_INFORMATION PROVIDED_
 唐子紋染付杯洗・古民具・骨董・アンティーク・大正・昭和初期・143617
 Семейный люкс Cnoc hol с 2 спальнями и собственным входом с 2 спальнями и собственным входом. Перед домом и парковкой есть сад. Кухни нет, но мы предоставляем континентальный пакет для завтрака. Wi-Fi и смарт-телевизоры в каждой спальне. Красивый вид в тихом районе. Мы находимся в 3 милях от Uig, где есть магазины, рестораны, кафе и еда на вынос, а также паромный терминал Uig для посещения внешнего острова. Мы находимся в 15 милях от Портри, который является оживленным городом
* * *
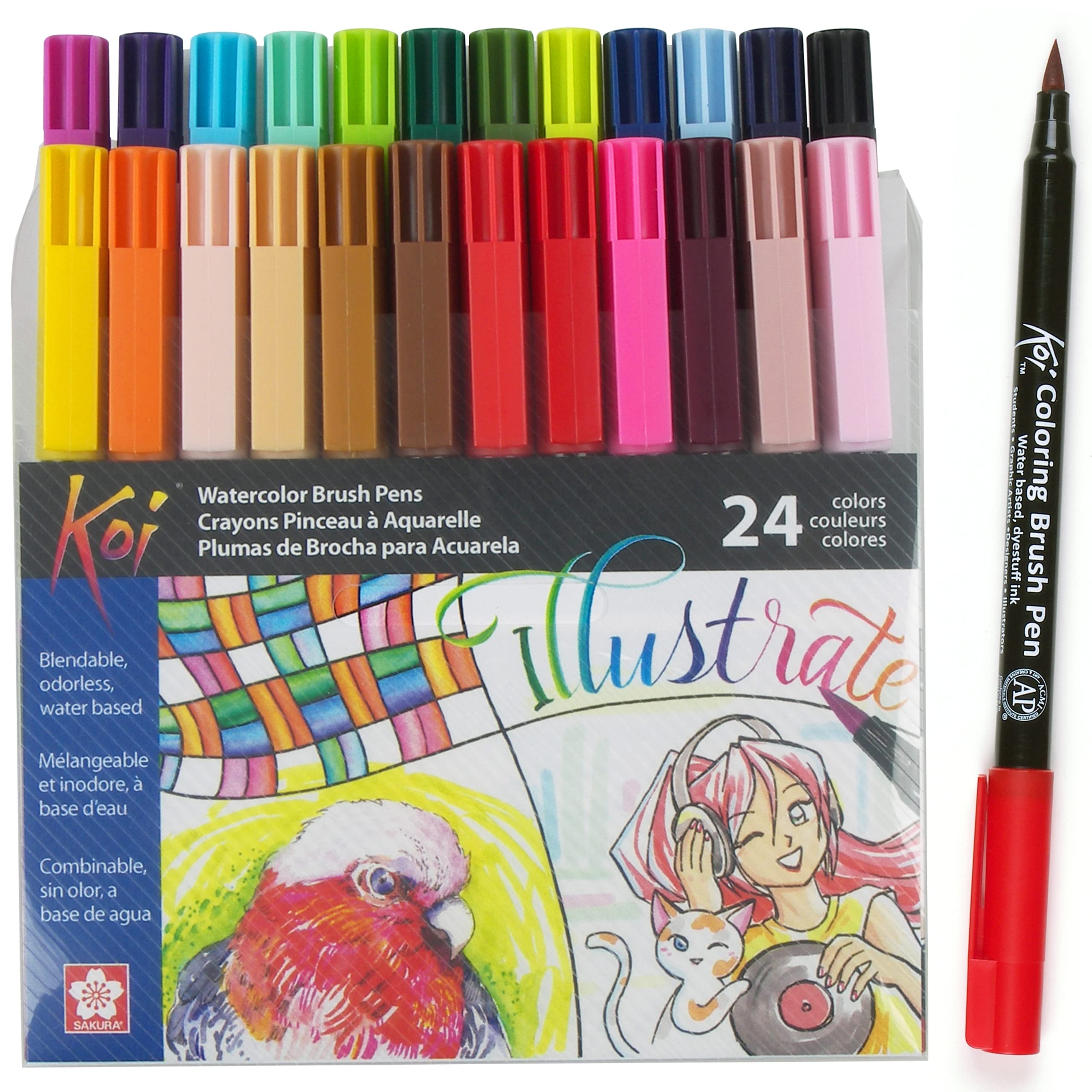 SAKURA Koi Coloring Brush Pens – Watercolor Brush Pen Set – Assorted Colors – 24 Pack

_YOUR ASSIGNMENT_
Look above for the line containing "唐子紋染付杯洗・古民具・骨董・アンティーク・大正・昭和初期・143617" and the line containing "Семейный люкс Cnoc". Transcribe both, with the lines between them, exactly.

_FINISHED TASK_
 唐子紋染付杯洗・古民具・骨董・アンティーク・大正・昭和初期・143617
 Семейный люкс Cnoc hol с 2 спальнями и собственным входом с 2 спальнями и собственным входом. Перед домом и парковкой есть сад. Кухни нет, но мы предоставляем континентальный пакет для завтрака. Wi-Fi и смарт-телевизоры в каждой спальне. Красивый вид в тихом районе. Мы находимся в 3 милях от Uig, где есть магазины, рестораны, кафе и еда на вынос, а также паромный терминал Uig для посещения внешнего острова. Мы находимся в 15 милях от Портри, который является оживленным городом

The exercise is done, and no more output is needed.